I was lucky enough along with hundreds of others to become mates with Fats and was able to get his views on why he wasn't selected.
He said punching over one of Auckland rugby's top delegates – whose name I won't mention – at an after-match function probably didn't help his cause.
Fats was of the view that if you were going to call him a coconut you had better make sure that you were his mate. And the Auckland rugby delegate wasn't his mate!
So it seemed that Fats had missed his chance in terms of international rugby but then along came Manu Samoa in 1991 and the Rugby World Cup. And of course the rest is history.

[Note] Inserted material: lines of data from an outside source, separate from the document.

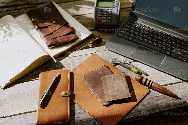 Старый стол со старыми кожаными изделиями и цифровыми устройствами
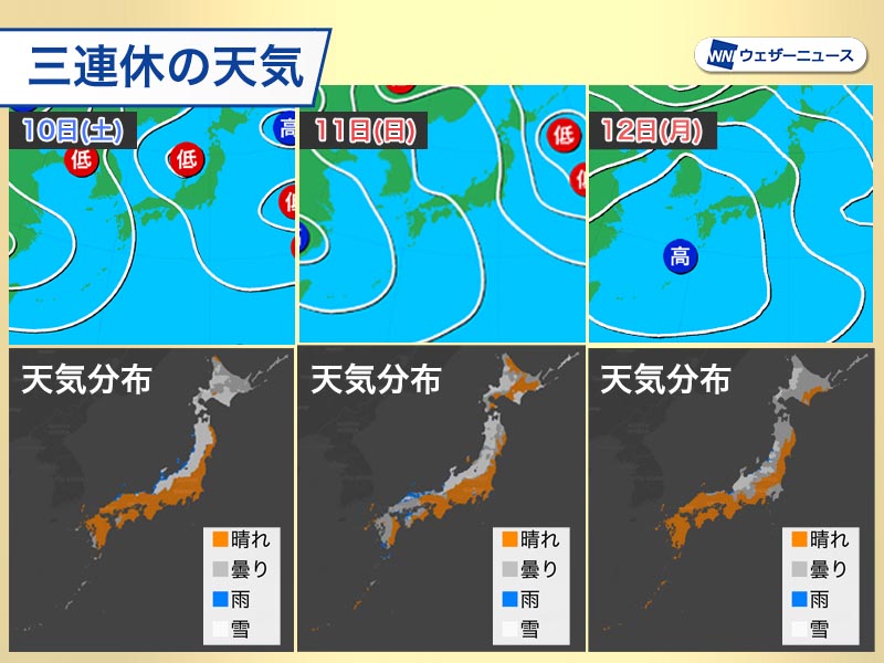 三連休初日の明日10日(土)は低気圧が通過する影響で、日本海側を中心に天気が崩れます。山陰や近畿北部はにわか雨の可能性があり、北陸では雨や雪が一時的に強く降る所がある見込みです。北日本も午後になると雪や雨が降り出し、内陸部を中心に積雪の増加する所があります。太平洋側は晴れる所が多い予想です。
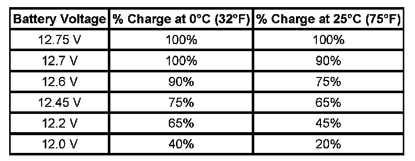 Important: Using voltage to determine the batteries state of charge (SOC) is only accurate after the battery has been at rest for 24 hours. This is enough time for the acid in each cell to equalize. If the battery has been charged or discharged in the past 24 hours, the battery SOC will only be an estimate.

Manu Samoa became a rugby force. Fats was the king and ruled Samoan rugby for the next five years, establishing himself as one of the great captains and props in world rugby.
Fats though was more than a great rugby player – he was a role model and leader for Pacific Island people, particularly Samoan.
Despite his success he remained humble.
He had a fabulous personality and always took care of people.
When I first went to Samoa in 1992 as a rugby reporter covering the Maori team he looked after me.
He even organised an interview with Prince Edward who wasn't giving interviews on his royal trip.
But Fats said to the Prince "Sir, can you have an interview with my Maori brother Willie Jackson", so how could the Prince have refused, particularly when he would have thought that I was part of Fats' family?
My lasting image of Fats came after Manu Samoa had smashed our Maori team by more than 20 points. He made me hop on a truck with him and we drove through the main street of Apia with Fats celebrating doing the haka Ka Mate Ka Mate.
It was so funny watching him and I feel privileged to have known the great man and Samoan leader Chief Peter Fatialofa.
No reira e te rangatira Fats, moe mai ra.